**PROBLEM**. The answer must be only the lines below from the one holding "где tт — расчетная" down to the one holding "Работать Рязанский исторический", ends included, printed exactly; please omit all pictures.

[Records drawn from a dataset]
+-------+

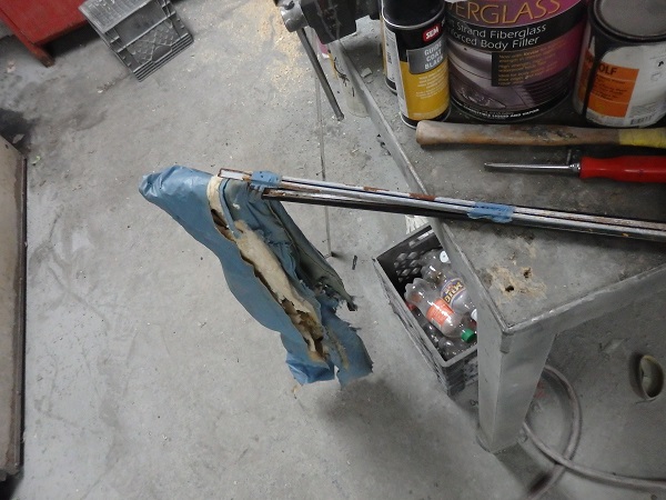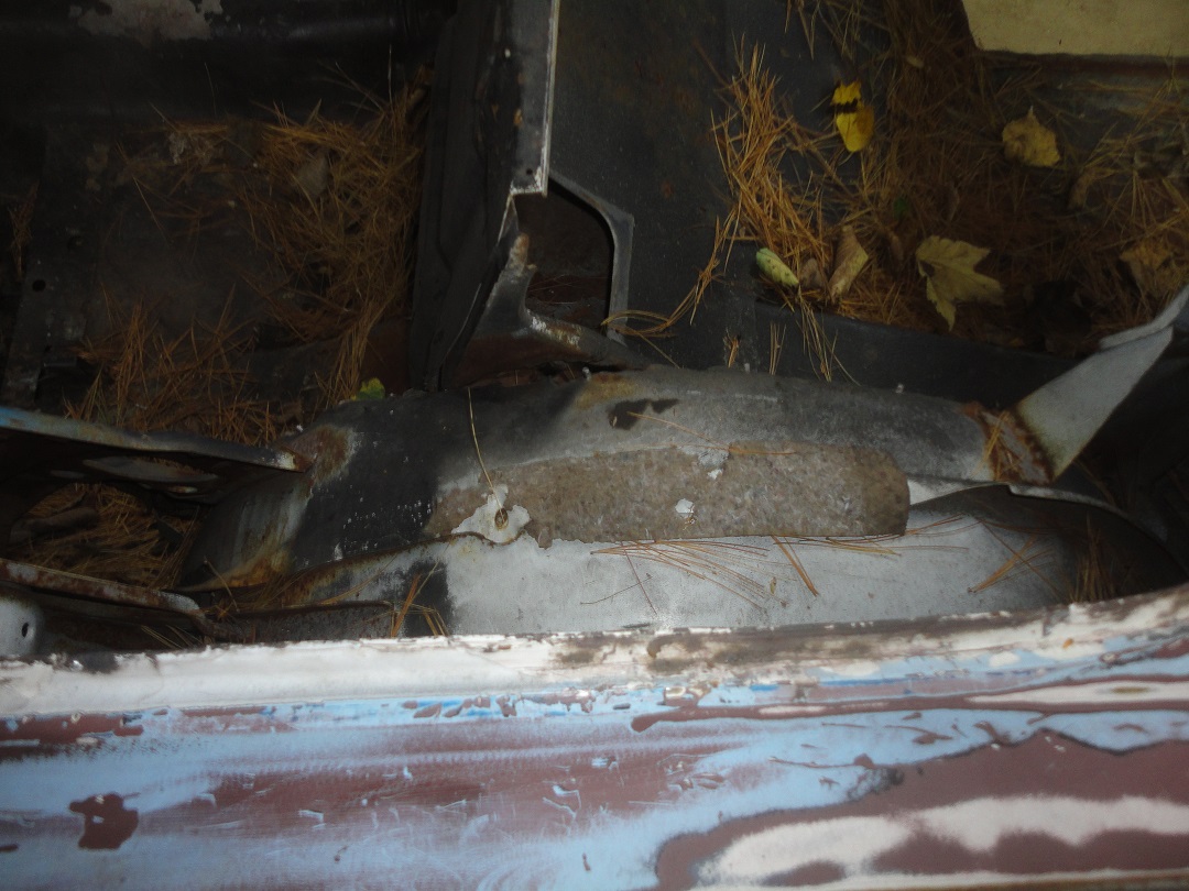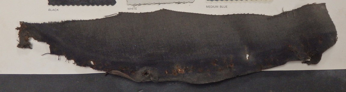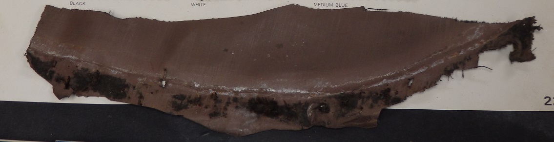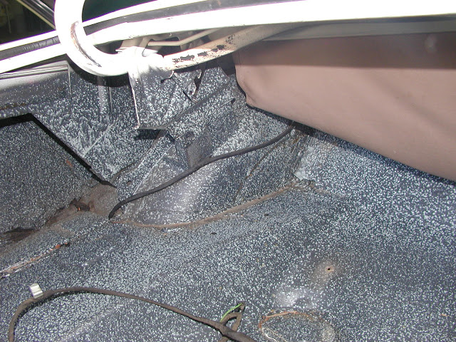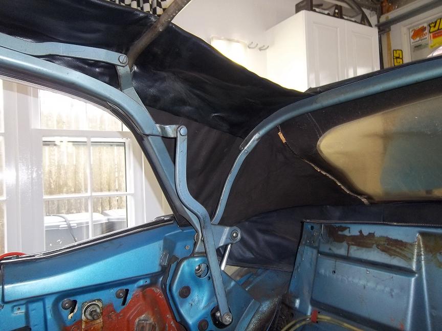In the above pictures you can see the remnants of the car's original well liner. It's a black cloth material (not vinyl) that has a kind of a beige-ish tan rubber coating on the underside. The picture on the right is of an original well liner from a car restored by Lucas Restorations. I was to find out later that the well liner material, like the blue top, is not made anymore. |
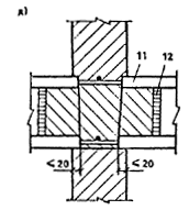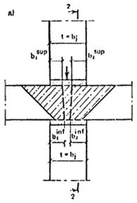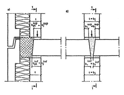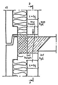 где tт — расчетная величина толщины растворного шва, определяемая по указаниям п. 5.22; bт — расчетная ширина растворного шва (размер по толщине стены), принимаемая: для стыков с двухсторонним опиранием перекрытий, равной толщине стены t; для нижнего растворного шва комбинированного стыка bт = bj ‑ dpw, (28)
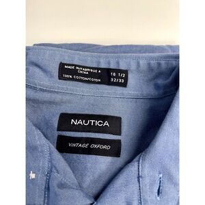 Nautica Shirt Mens 16.5 16 1/2 32 33 Blue Casual Button Up Long Sleeve Vintage Oxford
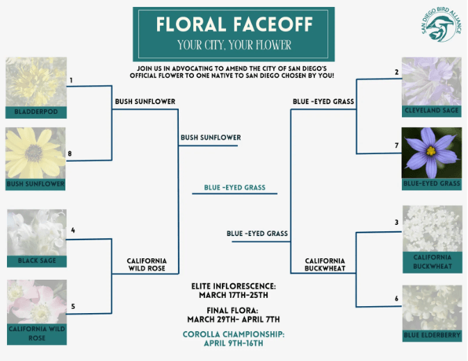 On Earth Day, April 22nd 2025, we brought Blue-Eyed Grass to City Hall, where the San Diego City Council unanimously passed a resolution replacing the non-native carnation with the people’s choice. Now, we want to see commitment from the city to plant more natives! Ask your public representatives & park rangers to plant more Blue-eyed Grass, and other incredible flowers from the bracket of worthy contenders that support pollinators, improve habitat and have cultural significance. Meet the Contenders
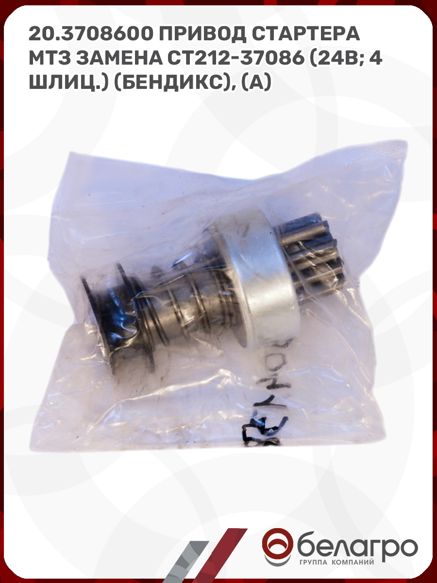 20.3708600 Привод стартера МТЗ замена СТ212-37086 (24В; 4шлиц.) (бендикс), (А)
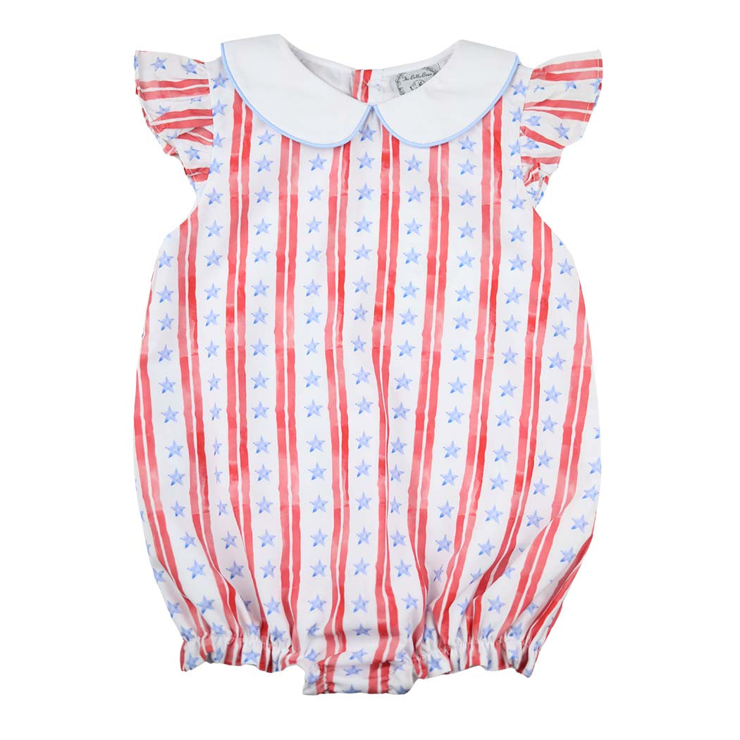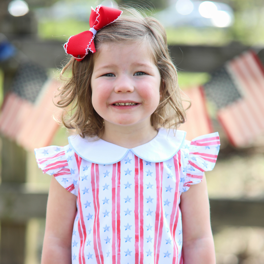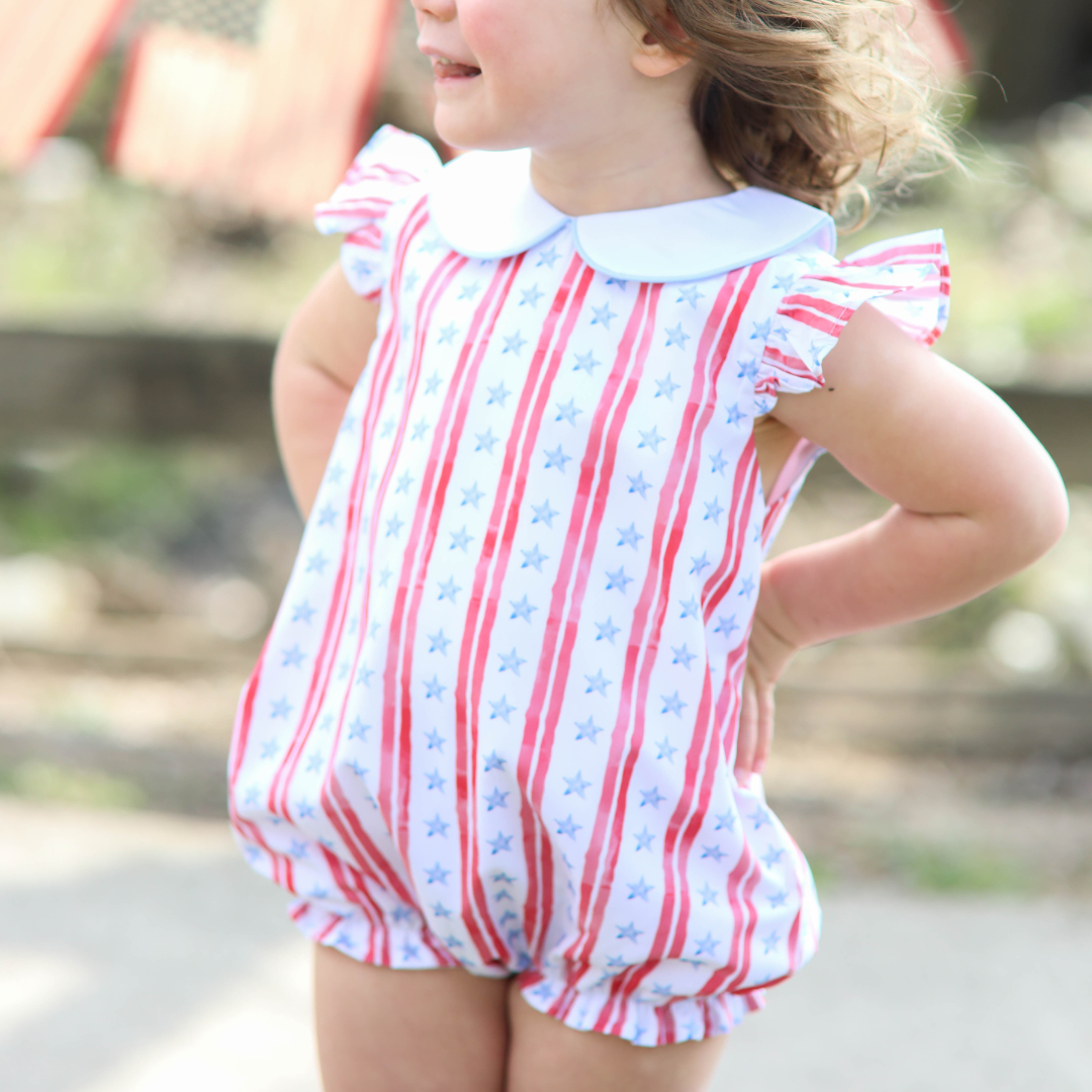 Bursting with patriotic charm, this Girls Patriotic Star Bubble is perfect for summer celebrations! Featuring a sweet star and stripe design, this classic red, white, and blue details is a festive must-have for Memorial Day, the Fourth of July, and all your warm-weather adventures.
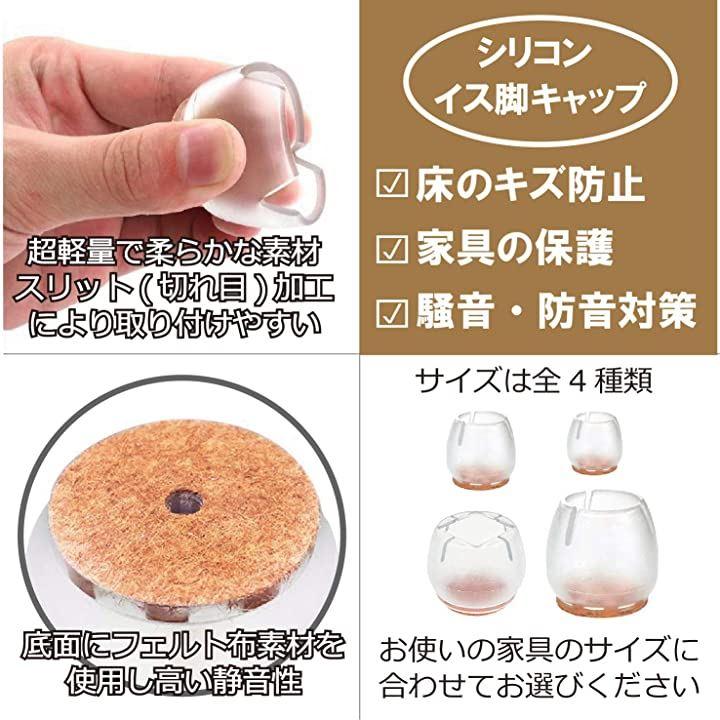伸縮性のあるシリコンキャップで取付が簡単。柔らかい素材で椅子やテーブル等の脚に装着できます。
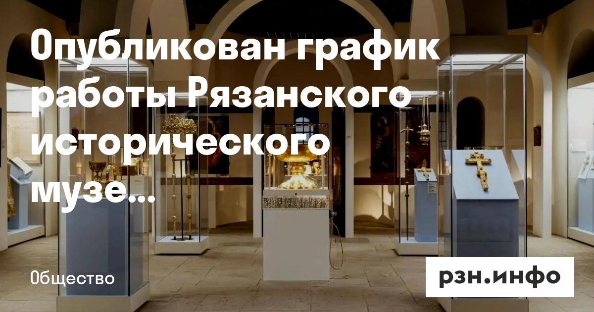 Работать Рязанский исторический музей в праздничные дни будет следующим образом: 30 апреля — с 10:00 до 19:00; 1, 2, 3, 9, 10 мая — с 10:00 до 18:00; 8 мая — с 10:00 до 17:00; 4, 11 мая — выходные дни на всех объектах музея; 10 мая — выходной в Музейном центре имени А. И. Солженицына, Центре науки, традиций и искусства. В публикации уточнили, что касса закрывается за 45 минут до окончания работы музея.
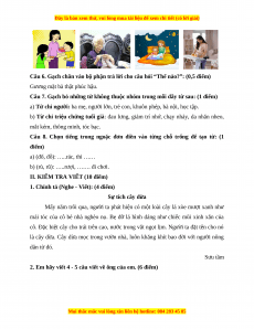 Câu 7. Gạch bỏ những từ không thuộc nhóm trong mỗi dãy từ sau: (1 điểm)
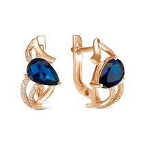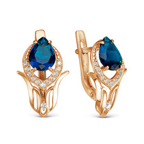 Позолоченные серьги с фианитами синего цвета - 812 - п
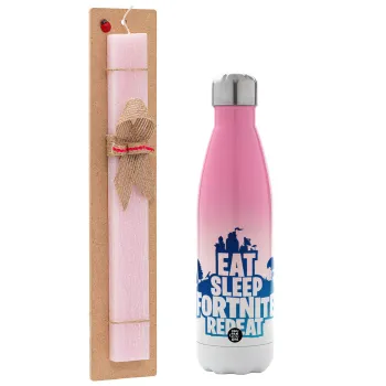 Eat Sleep Fortnite Repeat, Easter Set, Metallic pink/white (Stainless steel) thermos, double-walled, 500ml & aromatic flat Easter candle (30cm) (PINK)

+-------+

**WORKED SOLUTION**.
 где tт — расчетная величина толщины растворного шва, определяемая по указаниям п. 5.22; bт — расчетная ширина растворного шва (размер по толщине стены), принимаемая: для стыков с двухсторонним опиранием перекрытий, равной толщине стены t; для нижнего растворного шва комбинированного стыка bт = bj ‑ dpw, (28)
 Nautica Shirt Mens 16.5 16 1/2 32 33 Blue Casual Button Up Long Sleeve Vintage Oxford
 On Earth Day, April 22nd 2025, we brought Blue-Eyed Grass to City Hall, where the San Diego City Council unanimously passed a resolution replacing the non-native carnation with the people’s choice. Now, we want to see commitment from the city to plant more natives! Ask your public representatives & park rangers to plant more Blue-eyed Grass, and other incredible flowers from the bracket of worthy contenders that support pollinators, improve habitat and have cultural significance. Meet the Contenders
 20.3708600 Привод стартера МТЗ замена СТ212-37086 (24В; 4шлиц.) (бендикс), (А)
 Bursting with patriotic charm, this Girls Patriotic Star Bubble is perfect for summer celebrations! Featuring a sweet star and stripe design, this classic red, white, and blue details is a festive must-have for Memorial Day, the Fourth of July, and all your warm-weather adventures.
伸縮性のあるシリコンキャップで取付が簡単。柔らかい素材で椅子やテーブル等の脚に装着できます。
 Работать Рязанский исторический музей в праздничные дни будет следующим образом: 30 апреля — с 10:00 до 19:00; 1, 2, 3, 9, 10 мая — с 10:00 до 18:00; 8 мая — с 10:00 до 17:00; 4, 11 мая — выходные дни на всех объектах музея; 10 мая — выходной в Музейном центре имени А. И. Солженицына, Центре науки, традиций и искусства. В публикации уточнили, что касса закрывается за 45 минут до окончания работы музея.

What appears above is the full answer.